Former Metropolitan Police officer Michael Hames told the publication: "This is ridiculous and wrong on many levels.
"How can human rights be used to justify this when he took away the human rights of innocent girls and women?
"This makes a nonsense of the law, and the sooner it is changed the better."
The government had previously promised to consider changing the law to stop the likes of Bellfield marrying while behind bars.
He told LBC’s Nick Ferrari at Breakfast in March: "Let me just be crystal clear with you, Nick – I don’t think it is appropriate and I’m going to change the law.
“But I also think there’s a question around the risk to anyone that would marry an offender as egregious as in this case Levi Bellfield.
“What we’re protectively do to make sure vulnerable people aren’t subject to that element of risk.“So on both factors, I’m committed to doing what we can to prevent that taking place."

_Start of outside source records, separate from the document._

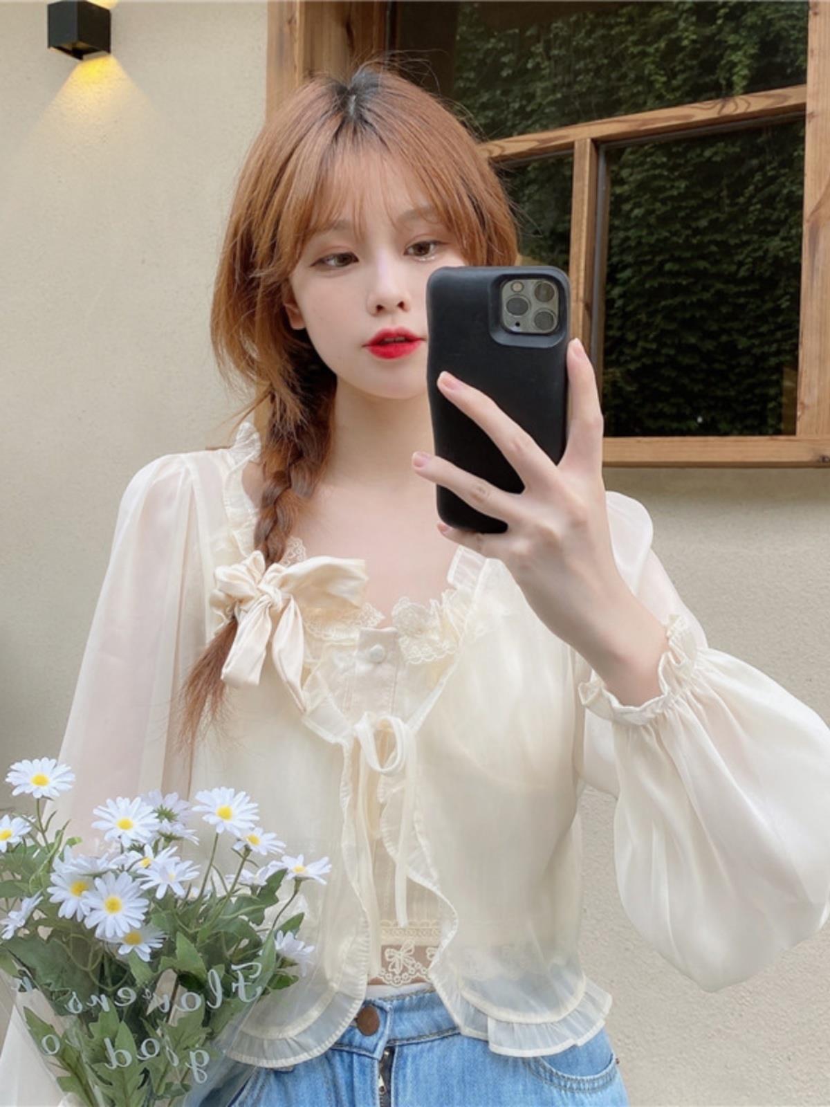 الأمازون AliExpress جديد أوائل الخريف فضفاض الجبهة قصيرة الظهر طويل الدانتيل متابعة قميص نحيف
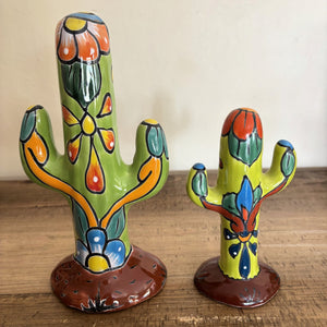 The standing Talavera saguaros measure 9" tall and 5" wide in the large size and 6" tall and 3" wide in the small size.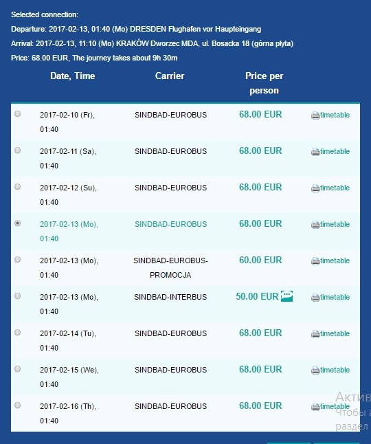Данная компания предоставляет возможность отправиться в Краков из аэропорта Дрездена. Такая поездка возможна ежедневно, это ночной переезд. Автобус отправляется в 01:40 из аэропорта Дрездена и прибывает на центральный автовокзал Кракова в 11:10. Время в пути - 9 ч. 30 мин.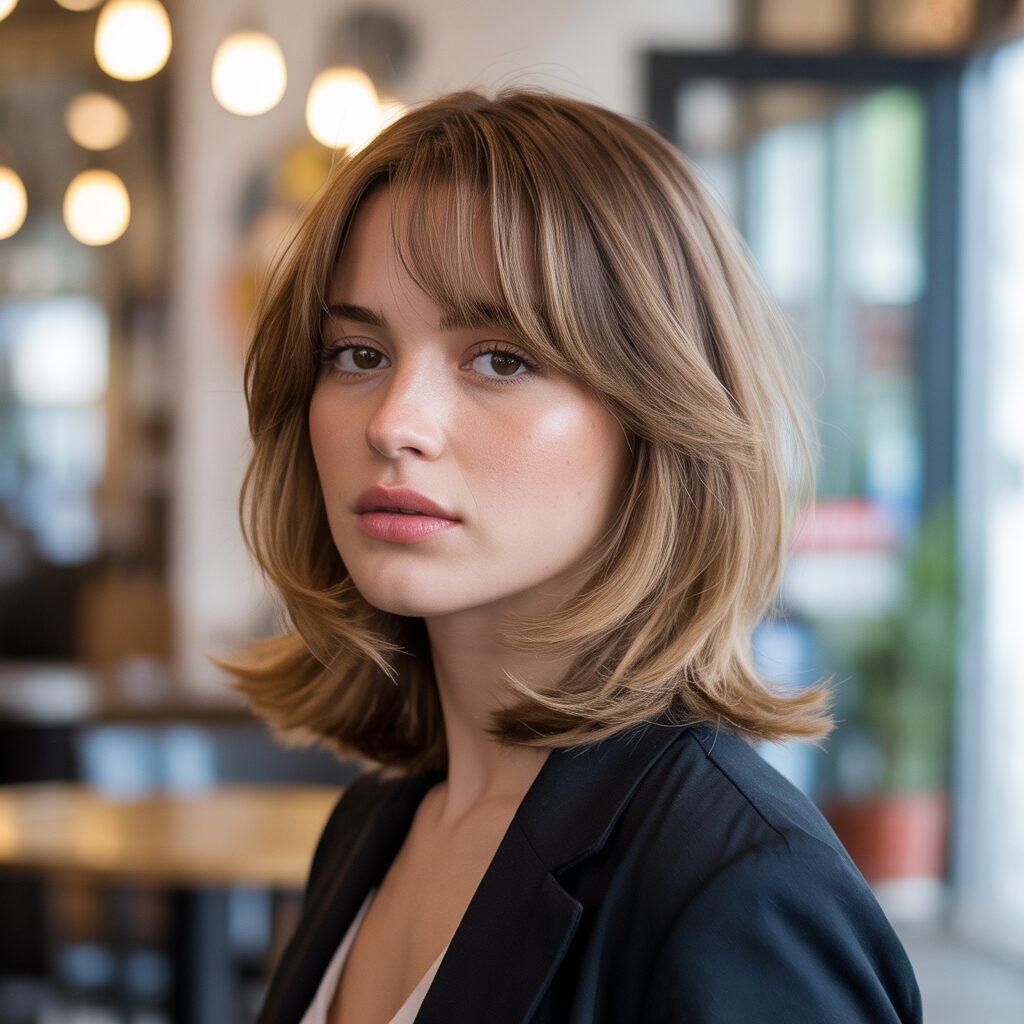 How it’s created: A long bob is cut with soft layers, while curtain bangs taper at the sides to blend seamlessly.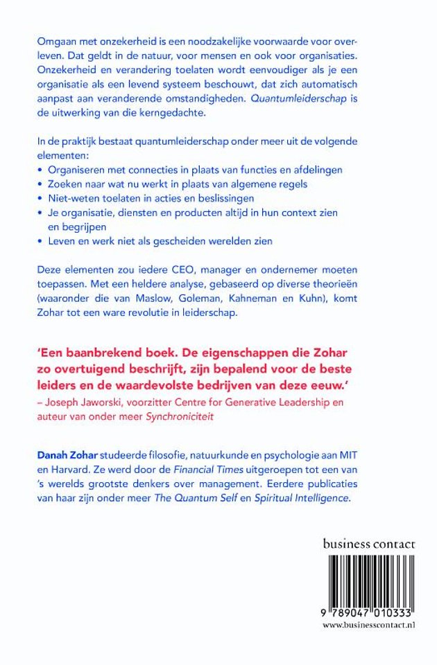 Meer over Danah ZoharOmgaan met fundamentele onzekerheid is een noodzakelijke voorwaarde voor overleven. Dat geldt voor de natuur, voor mensen en ook voor organisaties. Onzekerheid en verandering toelaten wordt eenvoudiger als je een organisatie als een levend systeem beschouwt, dat zich automatisch aanpast aan veranderende omstandigheden.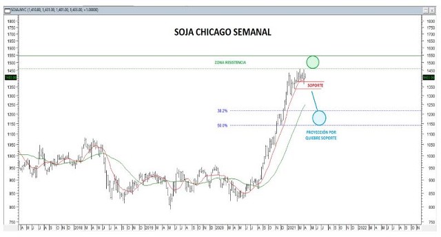 Mucho se ha hablado por estos meses sobre la posibilidad concreta que pueda tener la soja de retornar a sus valores históricos del año 2012, justamente apoyado por el fundamental alcista que trae este mercado. Sin embargo, desde lo técnico no vemos tan clara esta posibilidad, al menos en los próximos meses. Por el contrario, el avance en desarrollo para la soja enfrenta en la zona de 1450-1550 centavos una importante resistencia de mediano plazo, que ha sido testeada y reconocida con posteriores recortes en el precio, en varias oportunidades desde el año 2008 a la fecha.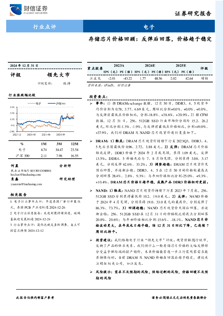 财信证券:电子行业点评:存储芯片价格回顾:反弹后回落,价格趋于稳定.pdf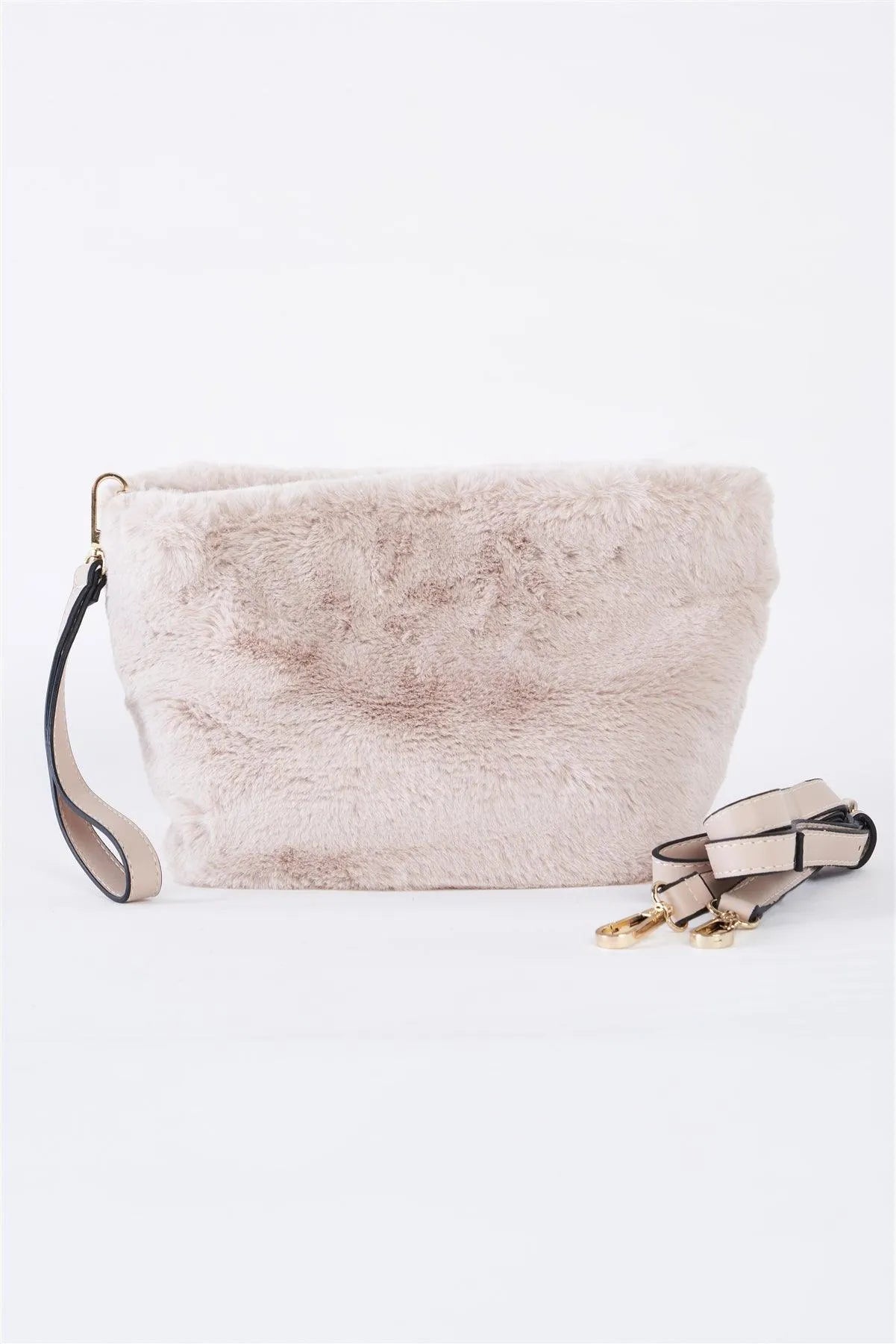 Ivory Faux Fur Hidden Magnetic Snap Button Closure Crossbody Bag / Clutch With Hidden Hand Strap Loop / 1 Bag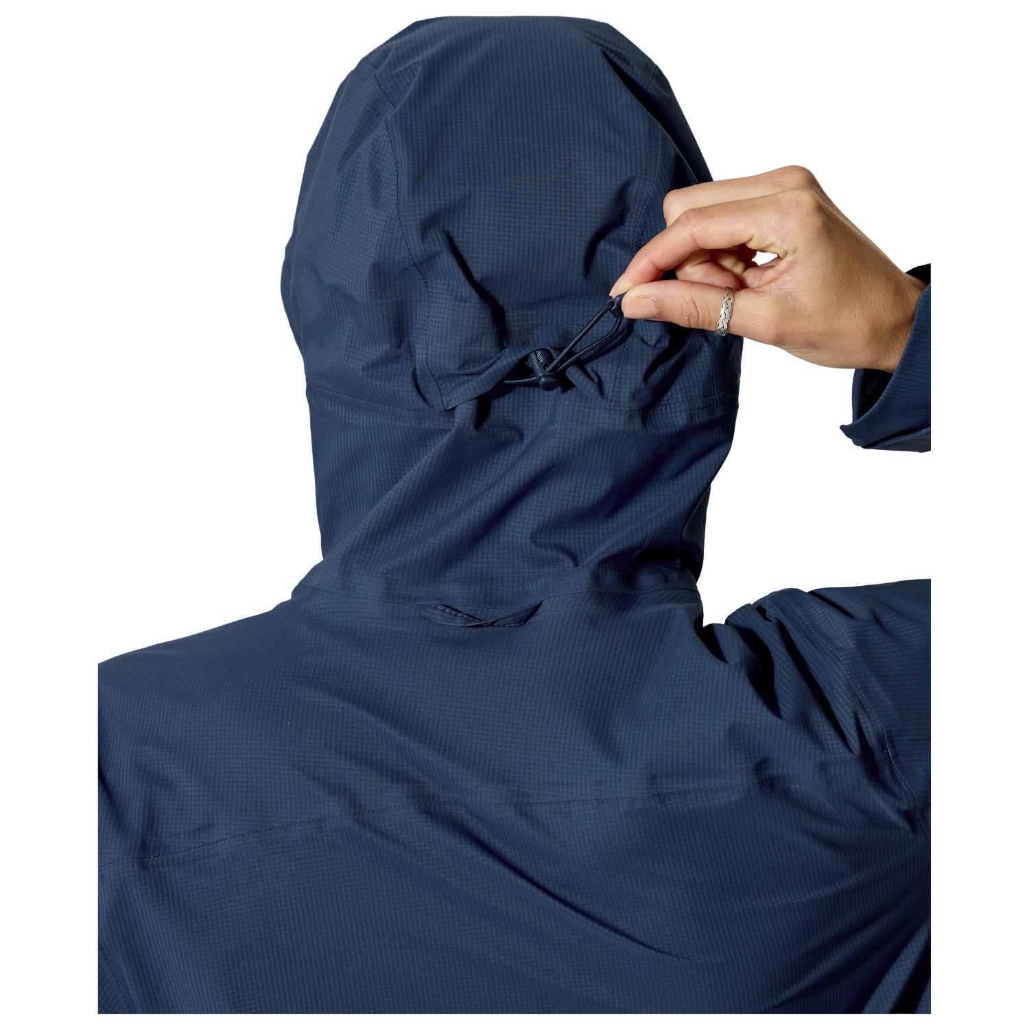 - stowable in the collar, with drawstring, with peak, adjustable

Dominic Raab hits he will try and stop the prison marriage of serial killer and rapist
With Mr Raab being forced to resign following bullying allegations, there appears to be no imminent plans to change the law to prevent Bellfield's marriage.
One government source said: |The sad fact is that — with the way the law stands — there are no grounds to stop him getting married.
"So it will go ahead and they are deciding when to tell Bellfield they are approving the decision.“It sticks in the craw — but at least it would avoid it going to court."